» WHAT YOU HAVE TO DO
Omit every picture, then return the listing verbatim.

** Opening COLLECTED DATA block **

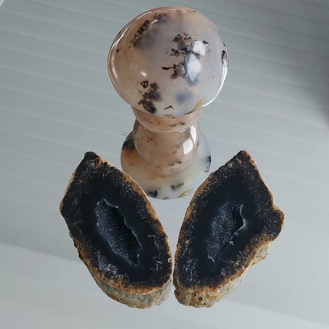 Fascinerende sett med tre polerte kuler av forsteinet tre p tilpassede stativer.
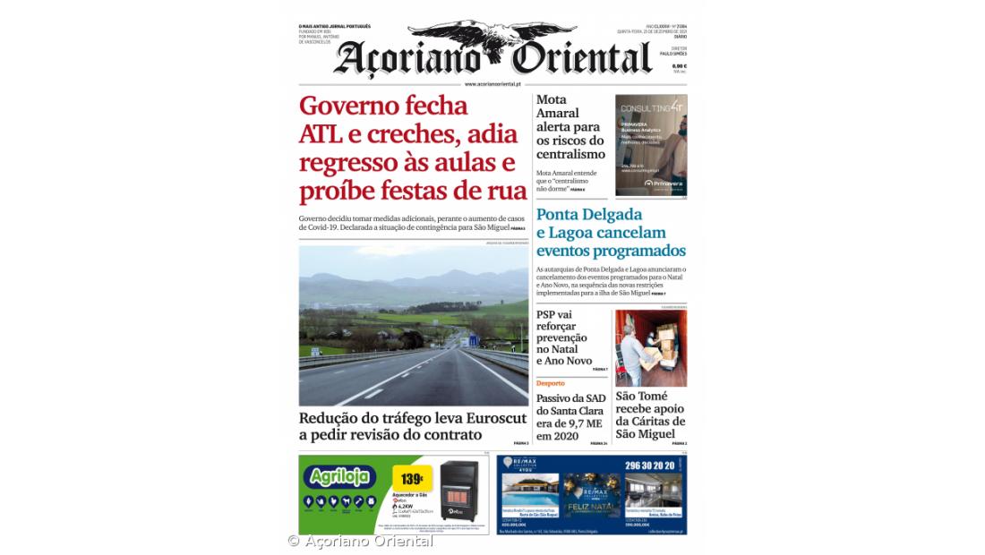 "Redução do tráfego leva Euroscut a pedir revisão do contrato" é a manchete fotográfica. "Mota Amaral alerta para os riscos do centralismo", "Ponta Delgada e Lagoa cancelam eventos programados", "PSP vai reforçar prevenção no Natal e Ano Novo", "São Tomé recebe apoio da Cáritas de São Miguel" e "Passivo da SAD do Santa Clara era de 9,7 ME em 2020" são os restantes títulos de capa do Açoriano Oriental.
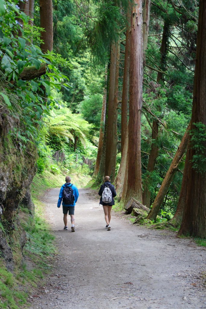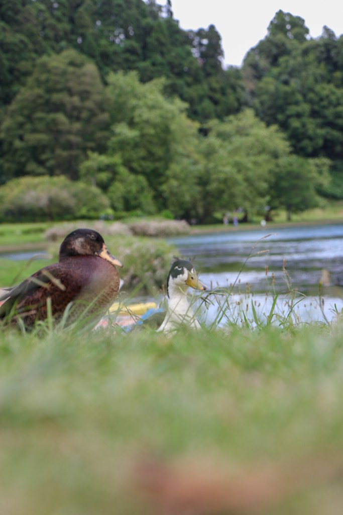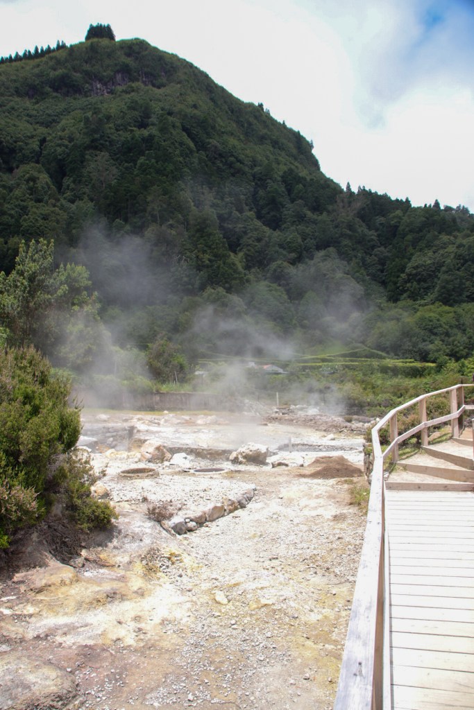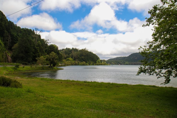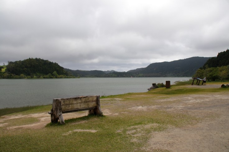 Aber irgendwann, nach furchtbar steilen Bergstraßen im 1. Gang, schafften wir es an den Lagoa de Furnas und nahmen uns die Seeumrundung vor. Bei Nieselwetter marschierten wir los und hofften auf eine leichte Wetterbesserung, die hier schließlich alle 5 Minuten einsetzen kann. Nach den ersten fünfhundert Metern stand am Wegesrand ein Verkaufsstand für Pina Colada. Genau wie in Lissabon direkt aus der Frucht. Allerdings war es selbst für unsere Verhältnisse noch etwas früh für einen Cocktail und ich bezweifele, dass ich es um den See schaffen würde, mit Schirmchen zwischen den Zähnen klemmend.

** Closing COLLECTED DATA block **

» WRITTEN ANSWER
 Fascinerende sett med tre polerte kuler av forsteinet tre p tilpassede stativer.
 "Redução do tráfego leva Euroscut a pedir revisão do contrato" é a manchete fotográfica. "Mota Amaral alerta para os riscos do centralismo", "Ponta Delgada e Lagoa cancelam eventos programados", "PSP vai reforçar prevenção no Natal e Ano Novo", "São Tomé recebe apoio da Cáritas de São Miguel" e "Passivo da SAD do Santa Clara era de 9,7 ME em 2020" são os restantes títulos de capa do Açoriano Oriental.
 Aber irgendwann, nach furchtbar steilen Bergstraßen im 1. Gang, schafften wir es an den Lagoa de Furnas und nahmen uns die Seeumrundung vor. Bei Nieselwetter marschierten wir los und hofften auf eine leichte Wetterbesserung, die hier schließlich alle 5 Minuten einsetzen kann. Nach den ersten fünfhundert Metern stand am Wegesrand ein Verkaufsstand für Pina Colada. Genau wie in Lissabon direkt aus der Frucht. Allerdings war es selbst für unsere Verhältnisse noch etwas früh für einen Cocktail und ich bezweifele, dass ich es um den See schaffen würde, mit Schirmchen zwischen den Zähnen klemmend.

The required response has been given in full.